Following the publication of the House of Commons Science and Technology Committee report on Peer review in scientific publications, Tracey Brown, Managing Director of Sense About Science comments:
"Whatever the future shape of scientific publishing, Sense About Science is concerned that high quality peer review is at the heart of it. We are faced with a sea of material that we cannot sift ourselves, whether we are researchers, members of the public or policy makers. Something has to determine what grabs our attention from all that material. There are, fundamentally, only two ways of doing this. We can have a system that tries to be objective. This is what the peer review system is for, selecting what is worthy of publication and further study. There is only one alternative to this - patronage. It might come in new bottles labelled Web 2.0 technologies and social networking but if this was the way research was publicised, it would still be patronage, where the researcher with the clubby contact book or the university with the best-resourced PR department would get the most attention. We are therefore delighted to see that the Committee has concluded, ‘peer review in scholarly publishing, in one form or another, is crucial to the reputation and reliability of scientific research’ (paragraph 277, House of Commons Science and Technology Committee, Peer review in scientific publications, Eighth report of session 2010-2012, 18th July 2011).

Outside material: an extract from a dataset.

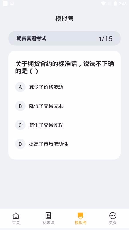 6、简单高效的模拟考页面,这里面为用户提供了15题一组的考试练习模式;

However, the Committee’s further recommendation that all data associated with publicly funded research should be made widely and freely available needs much more careful thought (paragraph 203, House of Commons Science and Technology Committee, Peer review in scientific publications, Eighth report of session 2010-2012, 18th July 2011). In our experience, most misunderstandings from scientific research come from an absence of meaning and context and the research end-users ask for this context far more than they ever ask for raw data. Preparing and scrutinising papers for publication is a vital part of establishing the meaning and context. It is not clear from the Committee’s report what the problem is that would be addressed from raw data publication nor the other costs and effects of demanding it. As the Committee has indicated the Royal Society is currently looking at this and we should await the outcome of their consultation."